Salens Stemmer (The Voices of The Hall) is a permanent 8 speaker sound installation made for the beautilful banquet hall of the Workers’ Museum in Copenhagen, Denmark. The work was commisioned by the Workers Museum in Copenhagen in 2021 and made by composer Sandra Boss and dramaturg Astrid Hansen Holm.
Salens Stemmer comprises songs, music and speaches to form a sonic staging of the Workers’ history.
The work surprises visiters of the banquet hall with songs from the workers songbook that are both hummed and sung by a 8 person workers’ choir. Each of the 8 voices are distributed through their own speaker, which makes it possible to move close to one voice in particular or experience the full choir in the middle of the room. Each voice corresponds to one of the many wooden reliefs that frame the banquet hall. The reliefs show various craftsmen – from typographers and blacksmiths to carpenters and tailors. Added voices and sounds of the craft, the workers on the reliefs come to live. The many songs revive the rich song culture of the workers’ movement, and act like a sonic exhibition of a very crucial part of the workers’ cultural history.
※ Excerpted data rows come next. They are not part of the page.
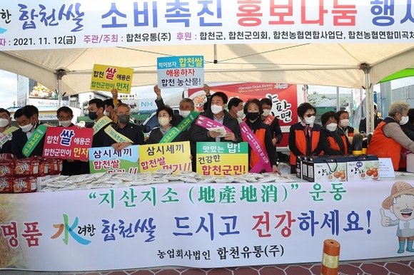 경남 합천군은 지난 12일 군의회와 농업기술센터, 농협중앙회 합천군지부, 합천유통(주), (사)한국여성농업인합천군연합회 합동으로 합천농협 하나로마트 입구에서 50여 명이 모여 水려한 합천 쌀 '영호진미' 소비 촉진을 위한 적극적인 홍보에 나섰다고 15일 밝혔다.
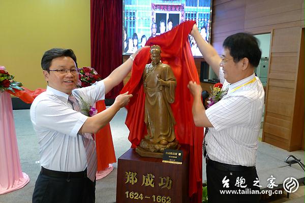 隨著臺(tái)灣臺(tái)南南美會(huì)理事長陳啟村和全國臺(tái)聯(lián)文宣部部長楊毅周的揭幕,一份特殊的禮物緩緩露出真容——一尊鄭成功像。這尊塑像,威風(fēng)凜凜,十分傳神,是陳理事長的心血杰作,也將永存北京臺(tái)灣會(huì)館。
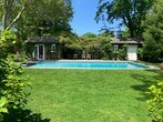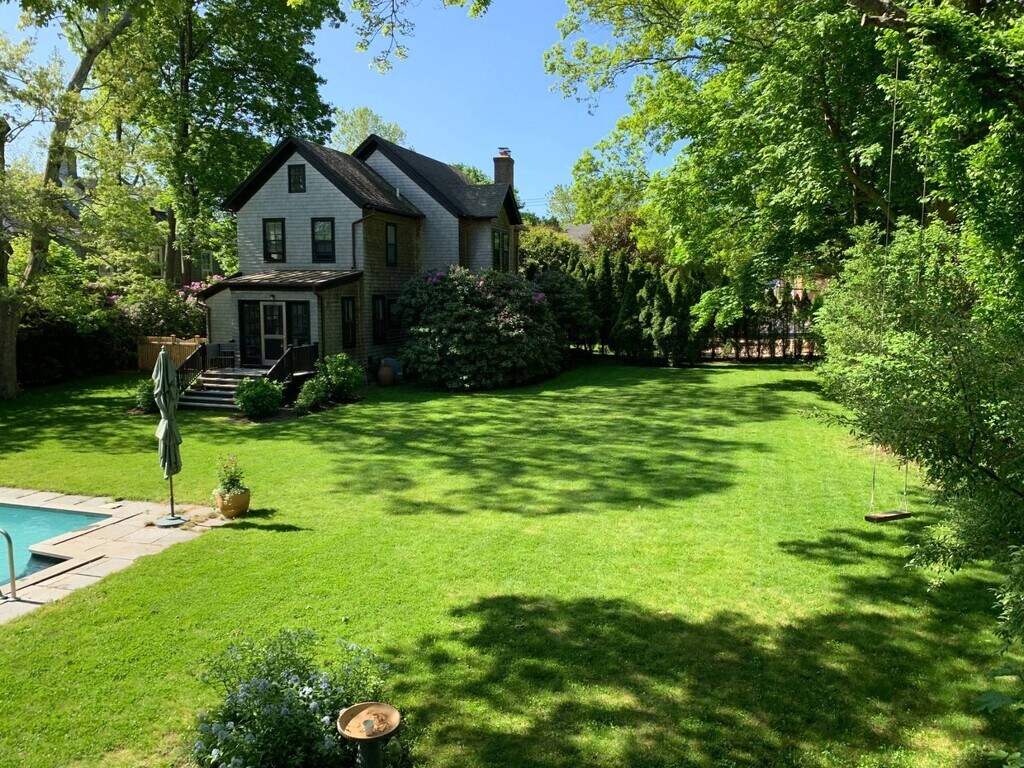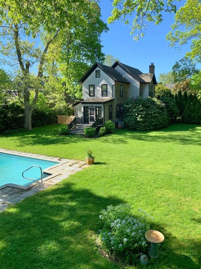 Updated Historic in the Village and close proximity to Bay Beaches. Consider this your home away from home in Sag Harbor Village, a relaxing respite and perfect for entertaining. You'll find comfort and sophistication in this historic, contemporary home. Filled with natural light, you're nestled away from the street and situated in nature, so even though you're in town it's easy to forget with the flora and fauna surrounding you. With 4 bedrooms, 2 full baths, 2 half baths, and a private outdoor shower, you'll also find an impeccably maintained rear lawn with heated salt-water pool, hammock and a spacious outdoor dining area on the back deck connected to the kitchen, perfect for taking in the morning. The main floor features a freshly remodeled state-of-the-art gourmet kitchen with marble counters, a center island with stools, and a cozy breakfast nook that seats up to 6. Alongside is the dining room that seats up to 10, laundry, and the living room with a gorgeous fireplace, flat screen TV, bay window seat, and built in bookcases filled with a photographic library framing a Steinway piano. The living room opens onto an enclosed front sitting porch with ceiling fans. A half bath with pocket door and a light-filled playroom complete the first floor. The second floor includes a primary suite with queen bed, sitting area and ensuite bath with glass-enclosed shower. Connected but still private is a bedroom with twin beds (can be exchanged for full and twin or crib as needed). A third, sunny bedroom has a full size bed and antique desk. A separate full bath accessible from the hallway rounds out the second floor. The third floor features a huge room with 2 twin beds (can be pushed together to make a king), a Mid-century modern daybed, a desk and a private half bath. A *rare* find in Sag Harbor Village - Enjoy your home away from home as you relax by the pool and garden, entertain and dine al fresco (the outdoor table sits 14 comfortably!) surrounded by twinkling lights, wisteria vine, cedar, and slate. The property is situated in a perfect location-a few blocks from Havens Beach and close to cinema and shopping on Main Street. Rental Terms: August - Labor Day: $75,000 Two Weeks: $35,000 June: $45,000 July: $60,000 August: $70,000
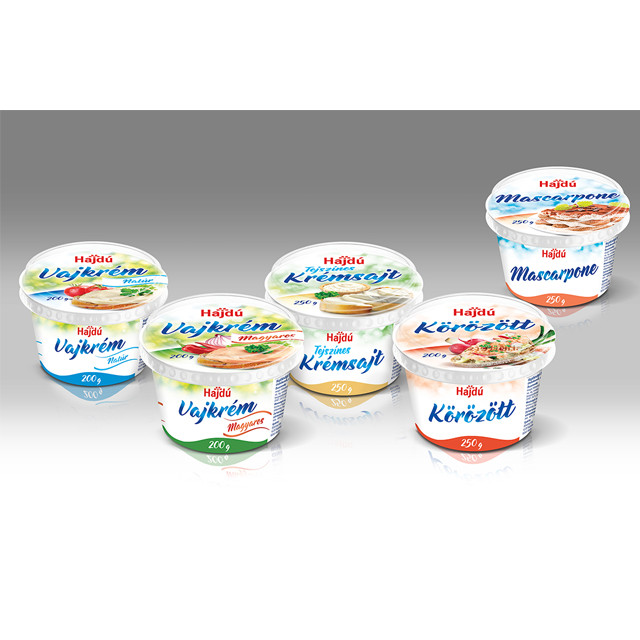 A Kőröstej megbízásából készítettünk új csomagolásterveket a Hajdú kenhető tejtermékekhez.
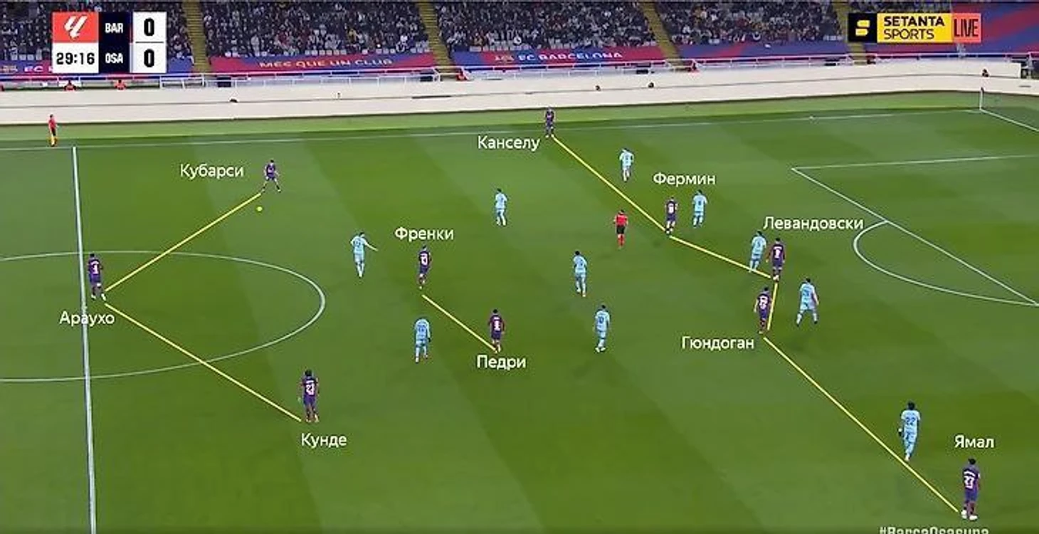 В ситуациях, когда Кунде подключается вперед, он вынужден делить одну зону с Ламином Ямалем. Здесь важно то, что оба готовы адаптироваться под расположение друг друга. Не возникает ситуации, когда один всегда держит ширину, а другой располагается в полуфланге.
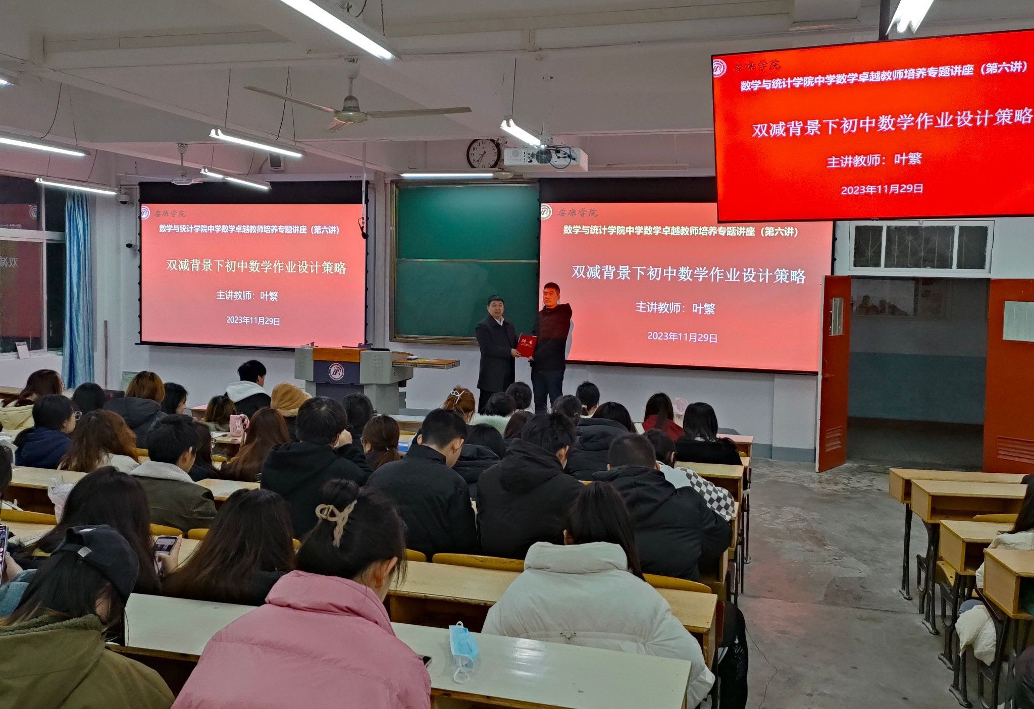 2023年11月29日,sunbet于江南校区1510教室举行中学数学卓越教师培养专题讲座第六讲。此次讲座由安康市教学研究室中学数学教研员、德育部主任叶繁老师主讲,此次报告以“双减背景下初中数学作业设计策略”为主题,讲座由副经理徐龙华主持。
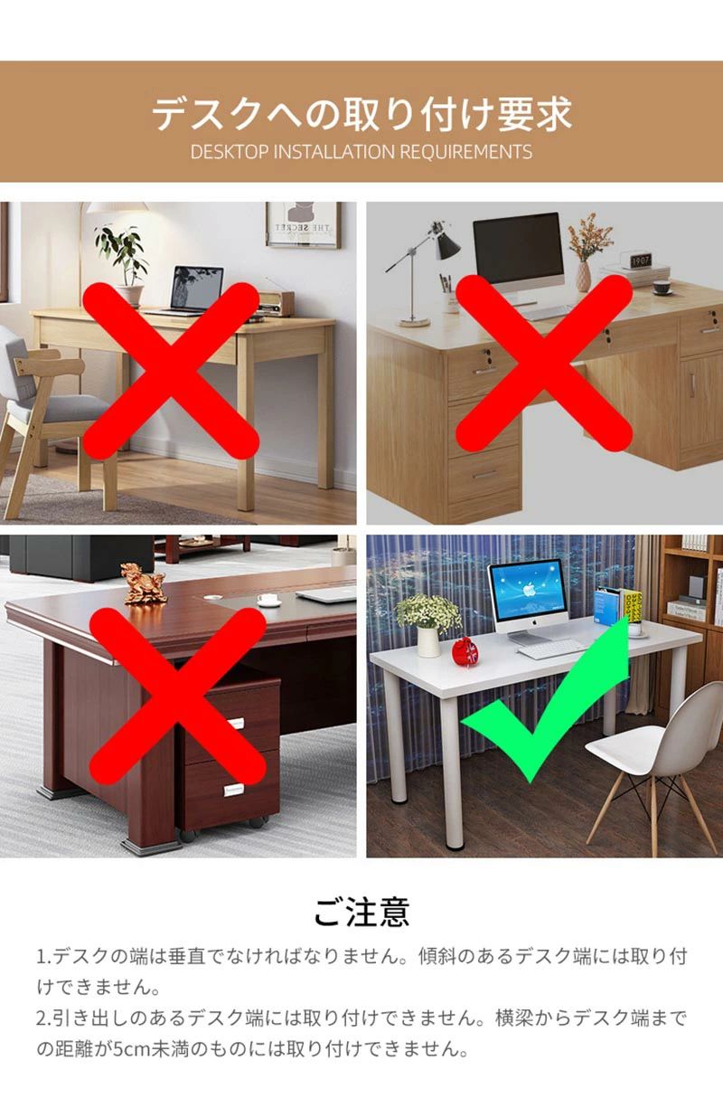 デスクトップの厚みが4cmを超える場合には本製品を取り付けることはできません。
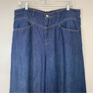 Banana Republic Wide Leg Jean Woman 32 Blue Baggy Pockets Boho Western Grunge

In addition to the daily choir work, the installation also conists of three sound stories that depicts crucial events that have taken place in the banquet hall. The three sound stories are all based on speeches and events that have taken place in the ballroom. Amongst others we hear the voice of Nelson Mandela, Thorvald Stauning (former prime minister of Denmark) and Rosa Luxemburg. The speaches have been reconstructed based on thorough research or they appear in original form found in the Workers’ Museum’s own sound archive.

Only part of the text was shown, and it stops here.